Copy each entry below unchanged; the images do not go in the copy.
>>>
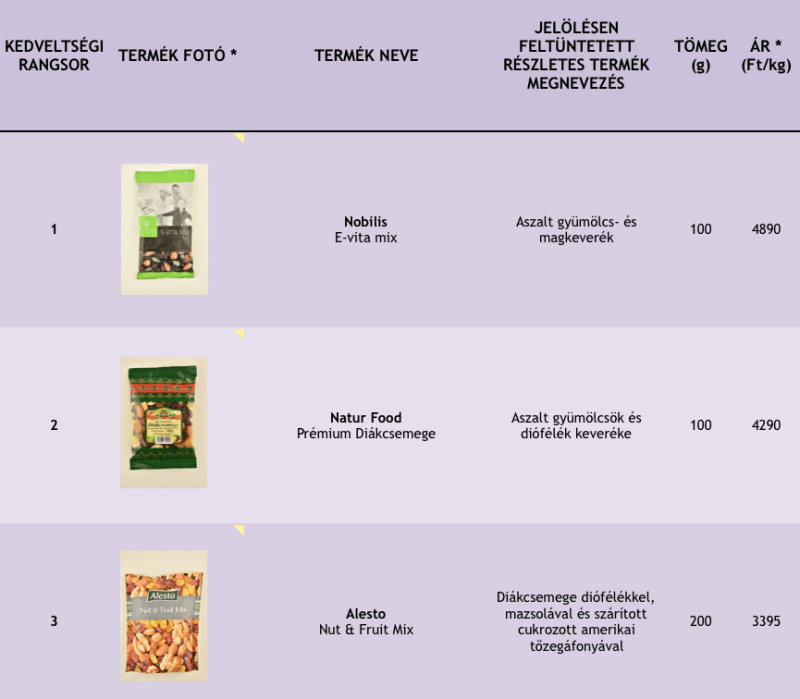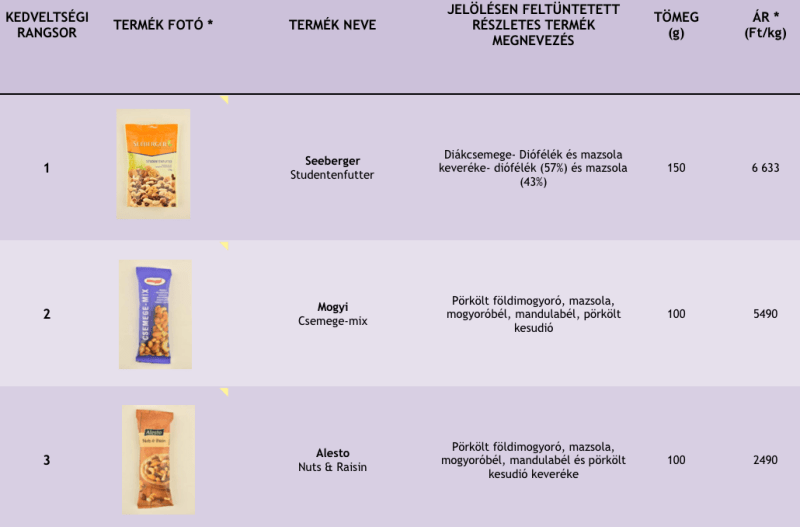 A vizsgálat során meg is kóstolták a diákcsemegéket. A vakteszt során a hagyományos (10 termék) és a speciális (4 termék) diákcsemegéket külön rangsorolták. Ezek voltak a legkedveltebbek:
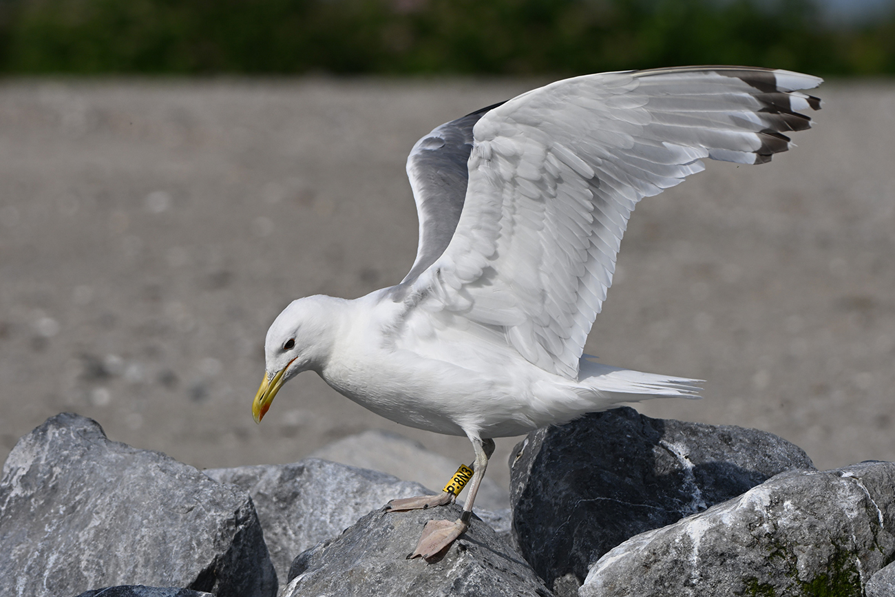 below: Caspian Gull cachinnans P:8N3 5CY, June 23 2023, De Kreupel - F, the Netherlands. Picture: Leon Kelder.
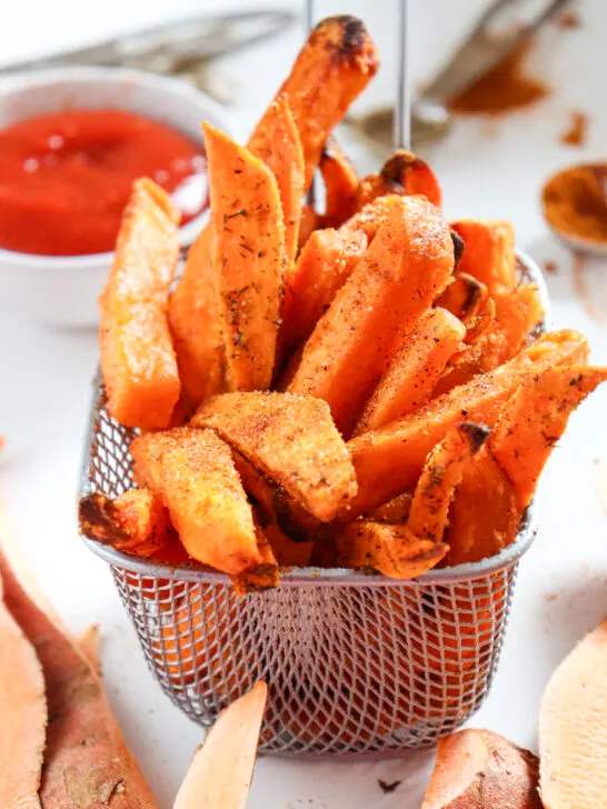 Compared to white potatoes, sweet potatoes are a nutrient powerhouse. Sweet Potatoes are full of fiber, beta-carotene (hello, vitamin A!), and antioxidants. And when you make them in the air fryer instead of deep frying, you cut way back on the oil while still getting that irresistible crisp.
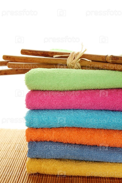Бамбуковые палочки на стопке цветных махровых полотенец
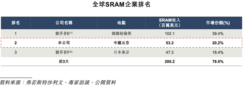 - SRAM:排名全球第二、国内第一,并在全球车规级SRAM供应商中排名第一;
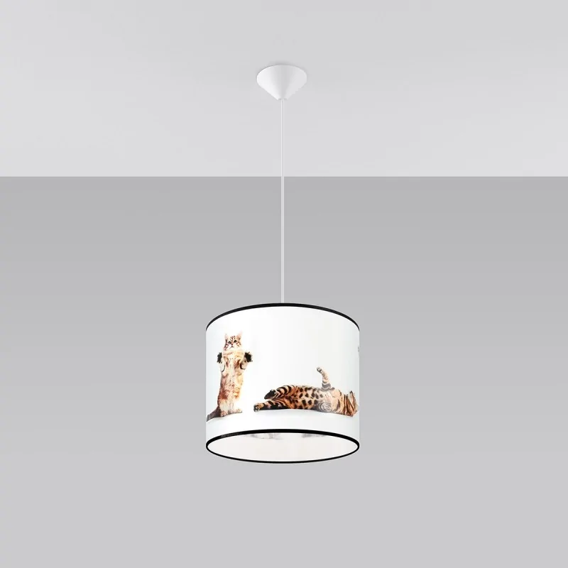 Lampa wisząca do pokoju dziecięcego KOTY jest dostępna w 2 rozmiarach: z kloszem o średnicy 30 i 40 cm. Dzięki temu możesz lepiej dobrać ją do wielkości pomieszczenia. Nic nie stoi na przeszkodzie, by tworzyć kompozycje oświetleniowe z kilku lamp - ile pomysłów, tyle możliwości!
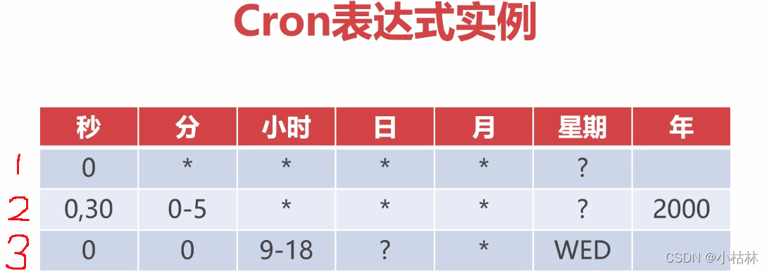(3)其中,第7位年,可以省略;日和星期是互斥的,即,写了日,星期就只能是?;写了星期,日就只能是?;(如果星期哪儿是?,就表示忽略星期)
<<<
Task output:
 A vizsgálat során meg is kóstolták a diákcsemegéket. A vakteszt során a hagyományos (10 termék) és a speciális (4 termék) diákcsemegéket külön rangsorolták. Ezek voltak a legkedveltebbek:
 below: Caspian Gull cachinnans P:8N3 5CY, June 23 2023, De Kreupel - F, the Netherlands. Picture: Leon Kelder.
 Compared to white potatoes, sweet potatoes are a nutrient powerhouse. Sweet Potatoes are full of fiber, beta-carotene (hello, vitamin A!), and antioxidants. And when you make them in the air fryer instead of deep frying, you cut way back on the oil while still getting that irresistible crisp.
Бамбуковые палочки на стопке цветных махровых полотенец
 - SRAM:排名全球第二、国内第一,并在全球车规级SRAM供应商中排名第一;
 Lampa wisząca do pokoju dziecięcego KOTY jest dostępna w 2 rozmiarach: z kloszem o średnicy 30 i 40 cm. Dzięki temu możesz lepiej dobrać ją do wielkości pomieszczenia. Nic nie stoi na przeszkodzie, by tworzyć kompozycje oświetleniowe z kilku lamp - ile pomysłów, tyle możliwości!
(3)其中,第7位年,可以省略;日和星期是互斥的,即,写了日,星期就只能是?;写了星期,日就只能是?;(如果星期哪儿是?,就表示忽略星期)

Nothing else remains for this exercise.